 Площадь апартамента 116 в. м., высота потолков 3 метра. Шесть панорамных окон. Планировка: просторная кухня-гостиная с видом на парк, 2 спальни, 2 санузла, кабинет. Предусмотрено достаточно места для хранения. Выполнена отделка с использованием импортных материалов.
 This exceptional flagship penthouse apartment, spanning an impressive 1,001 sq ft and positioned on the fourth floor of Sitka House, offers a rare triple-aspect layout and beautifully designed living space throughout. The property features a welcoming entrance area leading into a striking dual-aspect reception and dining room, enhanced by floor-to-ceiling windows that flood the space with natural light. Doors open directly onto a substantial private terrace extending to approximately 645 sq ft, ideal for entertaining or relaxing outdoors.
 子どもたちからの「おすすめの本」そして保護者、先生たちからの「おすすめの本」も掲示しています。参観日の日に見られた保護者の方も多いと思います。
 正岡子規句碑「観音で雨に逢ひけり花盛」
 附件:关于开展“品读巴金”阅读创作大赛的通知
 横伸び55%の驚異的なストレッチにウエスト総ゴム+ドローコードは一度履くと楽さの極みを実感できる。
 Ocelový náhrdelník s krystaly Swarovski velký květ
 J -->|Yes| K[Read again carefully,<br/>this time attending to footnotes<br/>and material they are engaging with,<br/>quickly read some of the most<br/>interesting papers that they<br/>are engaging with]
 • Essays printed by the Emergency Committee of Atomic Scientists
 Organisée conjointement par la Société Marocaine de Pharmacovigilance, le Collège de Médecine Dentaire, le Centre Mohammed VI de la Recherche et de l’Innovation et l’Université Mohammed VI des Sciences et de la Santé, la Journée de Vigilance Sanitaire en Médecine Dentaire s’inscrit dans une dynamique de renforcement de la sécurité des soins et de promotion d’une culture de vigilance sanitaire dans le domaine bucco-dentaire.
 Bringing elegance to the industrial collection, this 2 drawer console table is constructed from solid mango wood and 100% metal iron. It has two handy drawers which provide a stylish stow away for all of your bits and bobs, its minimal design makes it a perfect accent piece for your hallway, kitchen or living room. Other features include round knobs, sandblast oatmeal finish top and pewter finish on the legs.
────
## Task details
Repeat every record above precisely.

## Response area
 Площадь апартамента 116 в. м., высота потолков 3 метра. Шесть панорамных окон. Планировка: просторная кухня-гостиная с видом на парк, 2 спальни, 2 санузла, кабинет. Предусмотрено достаточно места для хранения. Выполнена отделка с использованием импортных материалов.
 This exceptional flagship penthouse apartment, spanning an impressive 1,001 sq ft and positioned on the fourth floor of Sitka House, offers a rare triple-aspect layout and beautifully designed living space throughout. The property features a welcoming entrance area leading into a striking dual-aspect reception and dining room, enhanced by floor-to-ceiling windows that flood the space with natural light. Doors open directly onto a substantial private terrace extending to approximately 645 sq ft, ideal for entertaining or relaxing outdoors.
 子どもたちからの「おすすめの本」そして保護者、先生たちからの「おすすめの本」も掲示しています。参観日の日に見られた保護者の方も多いと思います。
 正岡子規句碑「観音で雨に逢ひけり花盛」
 附件:关于开展“品读巴金”阅读创作大赛的通知
 横伸び55%の驚異的なストレッチにウエスト総ゴム+ドローコードは一度履くと楽さの極みを実感できる。
 Ocelový náhrdelník s krystaly Swarovski velký květ
 J -->|Yes| K[Read again carefully,<br/>this time attending to footnotes<br/>and material they are engaging with,<br/>quickly read some of the most<br/>interesting papers that they<br/>are engaging with]
 • Essays printed by the Emergency Committee of Atomic Scientists
 Organisée conjointement par la Société Marocaine de Pharmacovigilance, le Collège de Médecine Dentaire, le Centre Mohammed VI de la Recherche et de l’Innovation et l’Université Mohammed VI des Sciences et de la Santé, la Journée de Vigilance Sanitaire en Médecine Dentaire s’inscrit dans une dynamique de renforcement de la sécurité des soins et de promotion d’une culture de vigilance sanitaire dans le domaine bucco-dentaire.
 Bringing elegance to the industrial collection, this 2 drawer console table is constructed from solid mango wood and 100% metal iron. It has two handy drawers which provide a stylish stow away for all of your bits and bobs, its minimal design makes it a perfect accent piece for your hallway, kitchen or living room. Other features include round knobs, sandblast oatmeal finish top and pewter finish on the legs.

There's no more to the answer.